The stuck-task problem

If a worker crashes mid-task, the engine may emit task_started but never task_success or task_failure. Without reconciliation, the dashboard shows “running” forever.

The reconciliation worker

Runs in z4j every Z4J_RECONCILIATION_SWEEP_SECONDS (default 5 minutes). For each agent:

Find all tasks in state started older than Z4J_RECONCILIATION_STALE_THRESHOLD_SECONDS (default 15 minutes).
Ask the agent via a command: query_state frame: “is task X still running?”
Agent asks its engine: Celery AsyncResult.status, RQ job.get_status(), etc.
If the engine says “unknown / not found” → mark task reconciled_as=lost. Emit an audit log entry.
If the engine says “still running” → extend the threshold, check again next pass.
If the engine says “succeeded / failed” → record the outcome and emit the missing event.

Why not rely on the engine alone

Each engine reports differently:

Celery - AsyncResult is Redis-TTL-bound; after expiry it returns PENDING regardless.
RQ - cleanly reports lost, but requires periodic cleanup for stale jobs.
arq - no introspection API for historical jobs; relies on application-level result store.

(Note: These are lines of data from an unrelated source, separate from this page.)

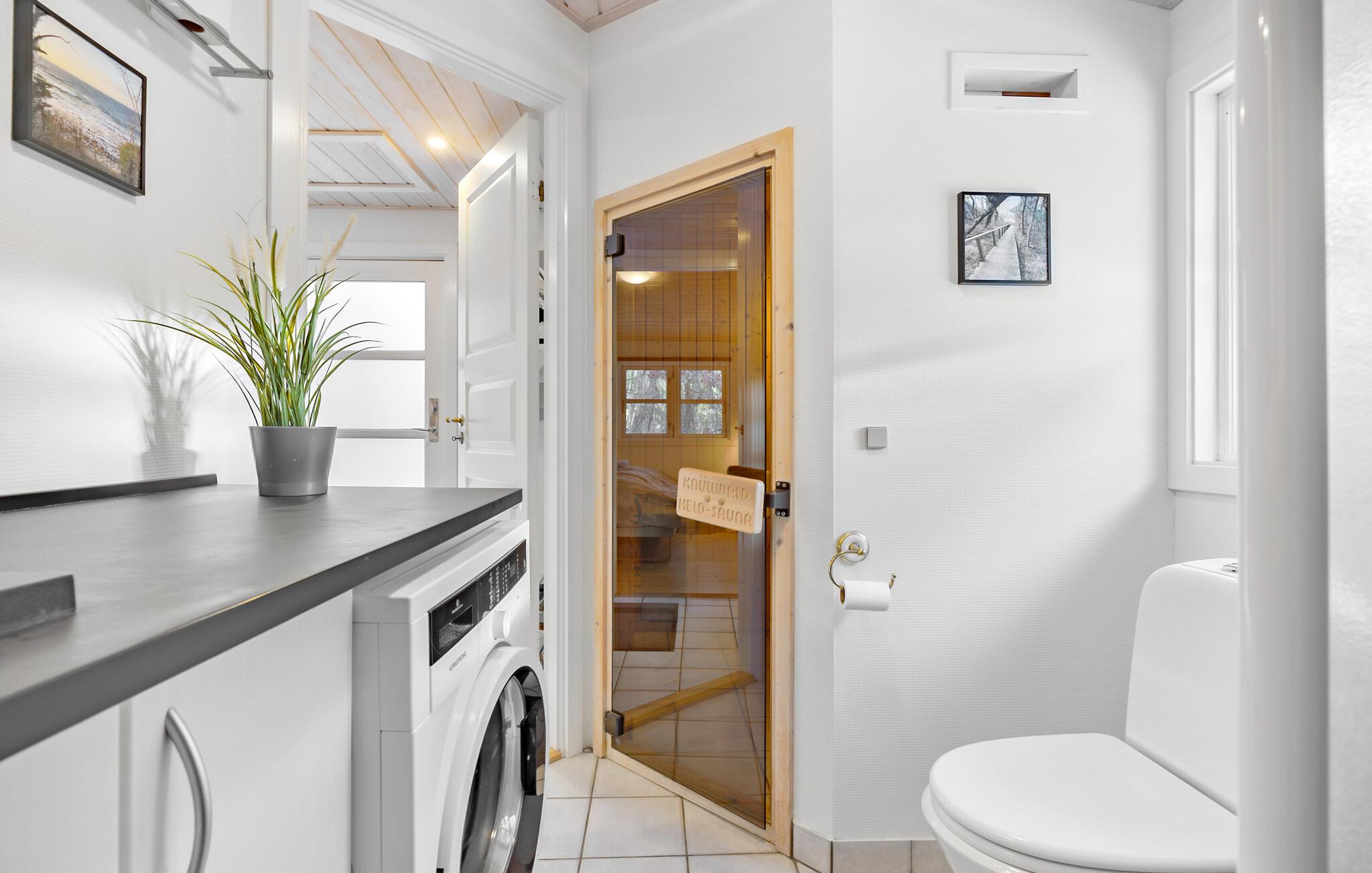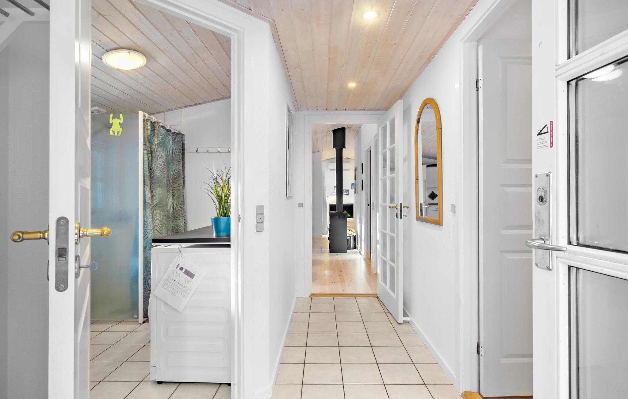 I husets nydelige opholdsstue kan I se film, høre radio eller musik, spille kort og bare hyggesnakke. Huset har et stort, lyst og dejligt åbent køkken med spiseplads ved siden af en brændeovn, som skaber en hyggelig atmosfære i køligere sæsoner. Husets flotte badeværelse har vaskemaskine, gulvvarme og en sauna til herlig ferieafslapning.
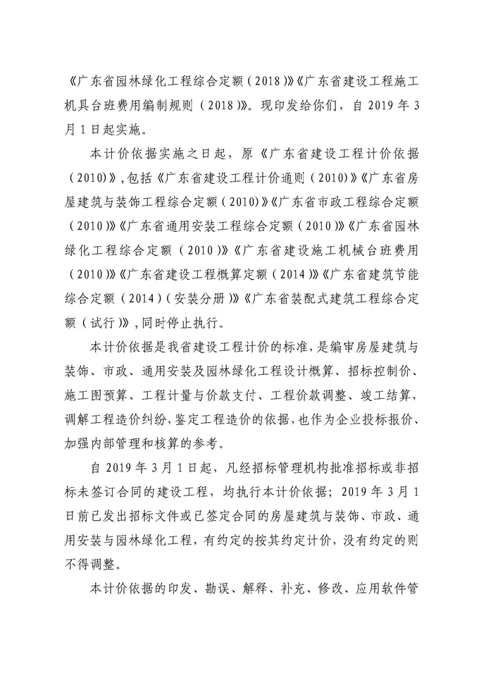 廣東省住房和城鄉建設廳關于印發《廣東省建設工程計價依據(2018)》的通知
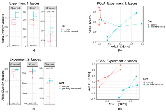 Alpha diversity in the faecal samples (day 21 of the experiment) depending on experiment and dietary treatment. Box plots showing alpha diversity in samples using the species richness estimators of the Observed Species, Chao1 and Shannon indices. Comparisons of the species richness estimators were done by the Wilcoxon rank sum test with p-value adjustment method: holm. A Bray-Curtis dissimilarity-based principal coordinate analysis (PCoA) was performed on the faecal samples. Each point represents a different animal; colored lines connect animals of one dietary treatment (control, fully fermented or partially fermented): (a) Alpha diversity in Experiment 1; (b) PCoA in Experiment 1; (c) Alpha diversity in Experiment 2; in (d) PCoA in Experiment 2.
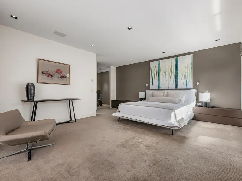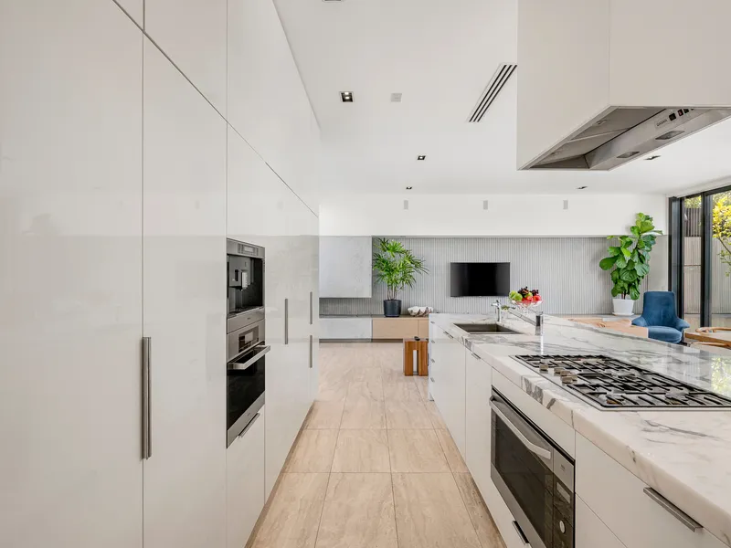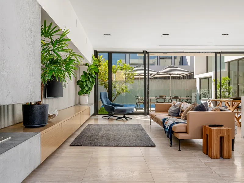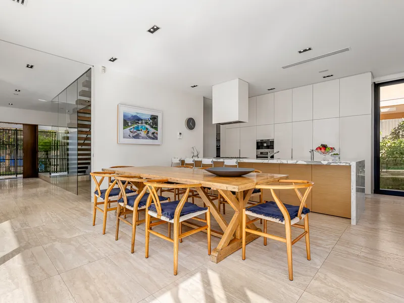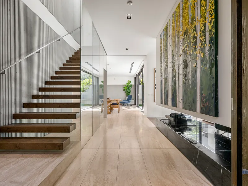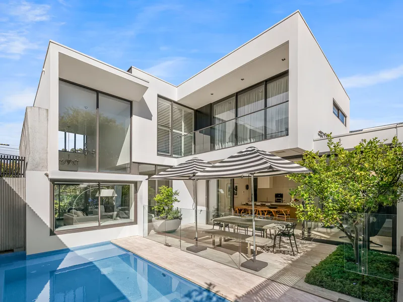 This three bedroom plus study is an architectural masterpiece that embodies luxury and quality in a prime location. This stunning residence, crafted by Simon Stokes Architects, is a testament to exquisite design and superior craftsmanship. Bathed in natural light through expansive windows and featuring creamy travertine floors, this home exudes elegance and sophistication.
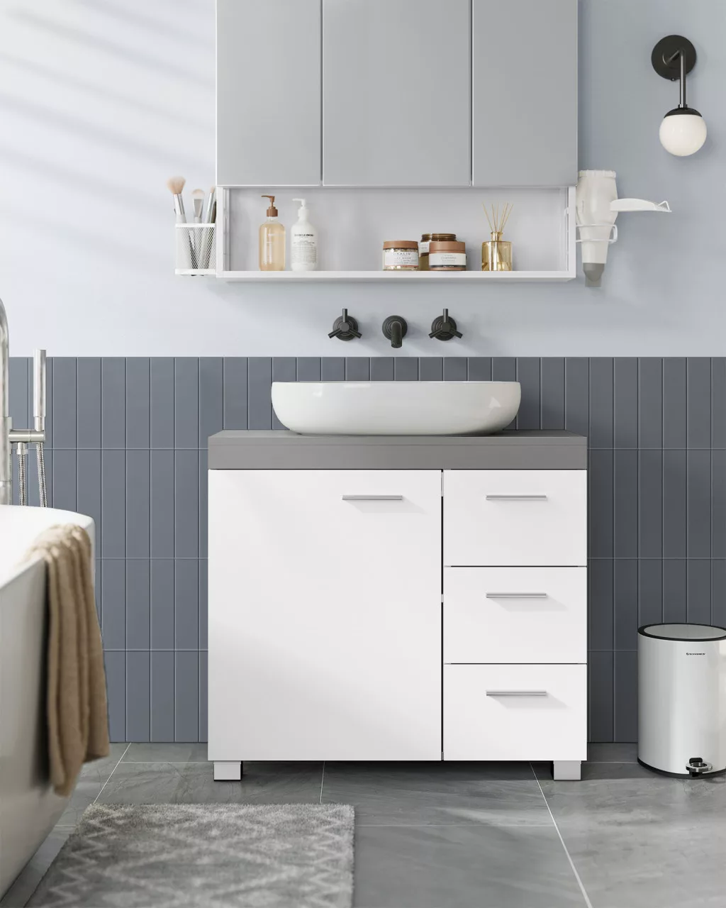 VASAGLE Modern Fürdőszobai Szekrény Fehér-Szürke MDF 3 Fiókos

The reconciliation worker owns the “was it really lost?” question so no adapter has to.

Tunables

Setting	Default	Meaning
`Z4J_RECONCILIATION_SWEEP_SECONDS`	`300`	Seconds between reconciliation passes
`Z4J_RECONCILIATION_STALE_THRESHOLD_SECONDS`	`900`	How old a “started” task must be before the worker queries the agent

Audit impact

Every reconciliation that flips a task to lost writes an audit log entry with action=task.reconciled_lost and the reasoning (engine response). Auditable and explainable.

Limits

Reconciliation does not retry lost tasks. That’s a user decision - surfaced in the UI as “you have 14 lost tasks” with a bulk-retry button.
If the agent is offline, reconciliation skips that agent and retries next pass.
No retroactive reconciliation across deploys - only tasks still present in tasks + events are examined.